Thank you for all of this gloriousness! Unfortunately the Vampire Guitars website must be temporarily down for maintenance.


----------



## SeanSan (May 20, 2015)

The guitars look like cake. I don't mean that in a good way.


----------



## BlackMastodon (May 20, 2015)

He's selling these pieces of dog sh*t for a thousand f**king Euros?! It's like he hacked at pieces of wood with a butter knife until they almost sort of resembled guitars. Goddamn, makes me feel better about my work at least.


----------



## asher (May 20, 2015)

BlackMastodon said:


> He's selling these pieces of dog sh*t for a *wishful price of *thousand f**king Euros?! It's like he hacked at pieces of wood with a butter knife until they almost sort of resembled guitars. Goddamn, makes me feel better about my work at least.



FTFY.


----------



## Rev2010 (May 21, 2015)

Can someone please translate the below for me?

"Hello. I am very interested in your amazing guitar. I am in the Unites States and would like to offer you one half wet noodle (linguini) for the guitar if you pay for shipping. Let me know, thanks."


Rev.


----------



## Petef2007 (May 23, 2015)




----------



## SjPedro (May 23, 2015)

Rev2010 said:


> Can someone please translate the below for me?
> 
> "Hello. I am very interested in your amazing guitar. I am in the Unites States and would like to offer you one half wet noodle (linguini) for the guitar if you pay for shipping. Let me know, thanks."
> 
> ...



Here's the translation you requested 

Olá, estou muito interessado na tua guitarra incrível. Estou nos Estados Unidos e gostava de te oferecer um linguini molhado pela guitarra se pagares os portes de envio. Fico a aguardar.

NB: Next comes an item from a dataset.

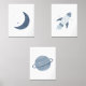 Ajoutez une touche finale à l'espace de votre petit avec cette fusée aquarelle, cette lune et cet ensemble d'empreintes de planète.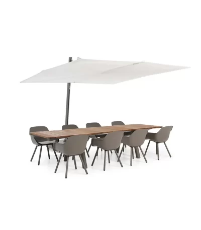 Pair it with Captain’s Pipe Chairs for long, relaxed dinners, or keep it minimal with sleek benches and add cushions or BYOS backrests for extra comfort. And for sunny days? The Sensu parasol keeps everyone cool — no awkward pole placements, just seamless shade.

Obrigado


----------



## Zhysick (May 26, 2015)

Oh my... and I thought my guitar was horribly built...


----------



## turbo_4i4ka (May 28, 2015)

Rusty Cooley's new signature guitar build?

Also, what the hell was this guy thinking, pouring a bucket of water over a guitar... :X This ain't no dish, fool!


----------



## Necris (May 28, 2015)

When will he announce his Black Friday run?


----------



## JamesM (May 28, 2015)

He went effin Mad Max on the thing


----------



## Alex Kenivel (May 29, 2015)

EchelonXIII said:


> Check this one out for size
> MFW I see the angle on that bridge, and the string spacing on that thing.



at least that thing looks half playablecompared to those pictures in OP


----------